It was a time in my life where I was always in Spain and enjoyed promoting Spanish tourism. A long, complicated and arduous project concluded that week and I was in dire need of a holiday. I thought why not go to Madrid and hang out with my friend Olivia? Visit Seville and see the hometown of my spiritual adviser. It would be a good idea to meet the family of our business partners in Salamanca too. But for me? Truly, the trip for myself was visiting the Basque country, specifically San Sebastian and Bilbao.

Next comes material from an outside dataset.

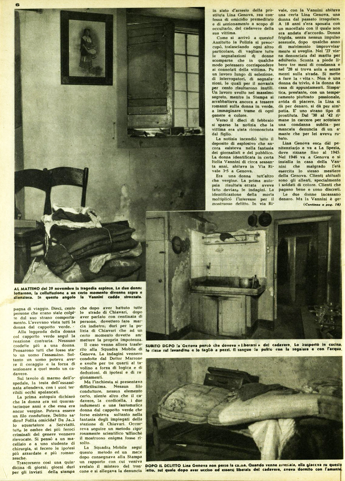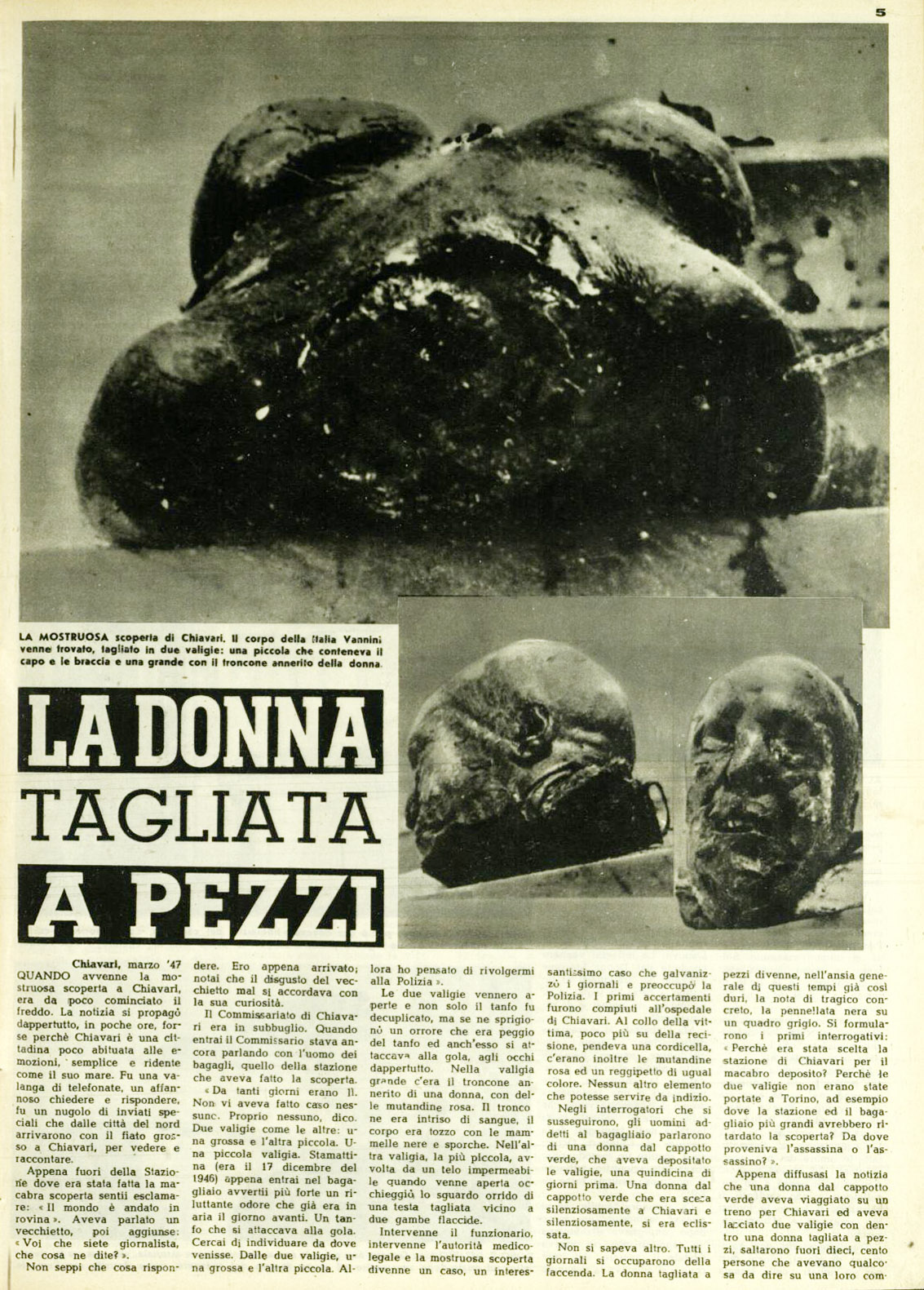 - Il 22 novembre 1945 Celeste Genova, inquilina in una stanza in via Rivale a Genova uccide, strangolandola con un laccio, la proprietaria di casa, Italia Vannini. Poi la taglia a pezzi e nasconde i resti in due valigie che abbandona al deposito bagagli di Chiavari, dove vengono aperte il 18 dicembre. Le due donne avrebbero esercitato insieme, in quella casa, la prostituzione, ma i loro rapporti si sarebbero incrinati e Vannini avrebbe intimato a Genova di andarsene provocando la lite sfociata nel delitto. Oltre all’omicidio e all’occultamento di cadavere, Genova è accusata anche del furto di diversi oggetti della vittima.

Then and now, I still have a split personality of being torn between food and development (I thought it was called government and politics when I was younger). Pais Vasco appealed to me on two fronts. First, my curiosity about its autonomous government and concerns about ETA - an armed nationalist separatist organization that then sought independence from Spain aside from its earlier function of just promoting Basque culture. Second, related to culture, is the food. There's tapas and then there's pintxos - the cornerstone of northern Spain's culture - differentiated from tapas because everything is held together on a spike with the bread opposed to just small plates as it is with tapas.
So there I was after Prague, Madrid, Seville, and Salamanca, on a train by myself to Donostia-San Sebastian. It was a trip without plans except to rest and enjoy. I only had a hotel booked and didn't even arrange for transfers. Travelling solo was not novelty or cool to me. It was simply no big deal. I used to believe that if I wait for a companion to do something, I'll never get around to doing it.

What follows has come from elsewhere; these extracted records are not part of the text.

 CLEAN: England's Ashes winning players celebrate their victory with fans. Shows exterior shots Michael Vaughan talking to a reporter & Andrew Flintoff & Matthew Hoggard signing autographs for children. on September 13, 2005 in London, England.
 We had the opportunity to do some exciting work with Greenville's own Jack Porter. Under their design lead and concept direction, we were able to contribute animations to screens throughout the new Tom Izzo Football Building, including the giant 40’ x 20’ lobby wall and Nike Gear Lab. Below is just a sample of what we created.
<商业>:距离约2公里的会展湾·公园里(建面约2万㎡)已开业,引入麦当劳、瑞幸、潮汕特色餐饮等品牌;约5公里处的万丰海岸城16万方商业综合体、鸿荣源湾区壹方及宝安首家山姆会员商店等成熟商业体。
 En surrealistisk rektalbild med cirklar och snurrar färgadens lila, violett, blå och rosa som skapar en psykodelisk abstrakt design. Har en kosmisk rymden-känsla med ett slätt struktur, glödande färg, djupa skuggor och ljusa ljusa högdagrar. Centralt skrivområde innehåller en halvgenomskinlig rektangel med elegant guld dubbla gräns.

To get our geographical bearings in order, San Sebastian is a coastal city in the Basque country of Spain, about 12 miles to the French border around the Atlantic ocean. In several occasions, it took turns with Gipuzkoa as the capital. Its iconic landmark is La Concha bay (shaped like a shell) and my hotel was right before you reached Igueldo, which was a great place to see the rest of the bay.
I was aware San Sebastian is one of the cities with the highest concentration of Michelin stars per capita but I didn't make reservations for any. After my walking and bus tours, I just moved from one bar to another, having a pintxo or two, leaving trails of table napkins and toothpicks on the floor as it is done in Spain. Unlike Madrid, I also saw a lot of shops and bars selling bacalao (dried cod) in so many ways too. Such a pity I couldn't bring home slabs of bacalao that my mom could cook so well!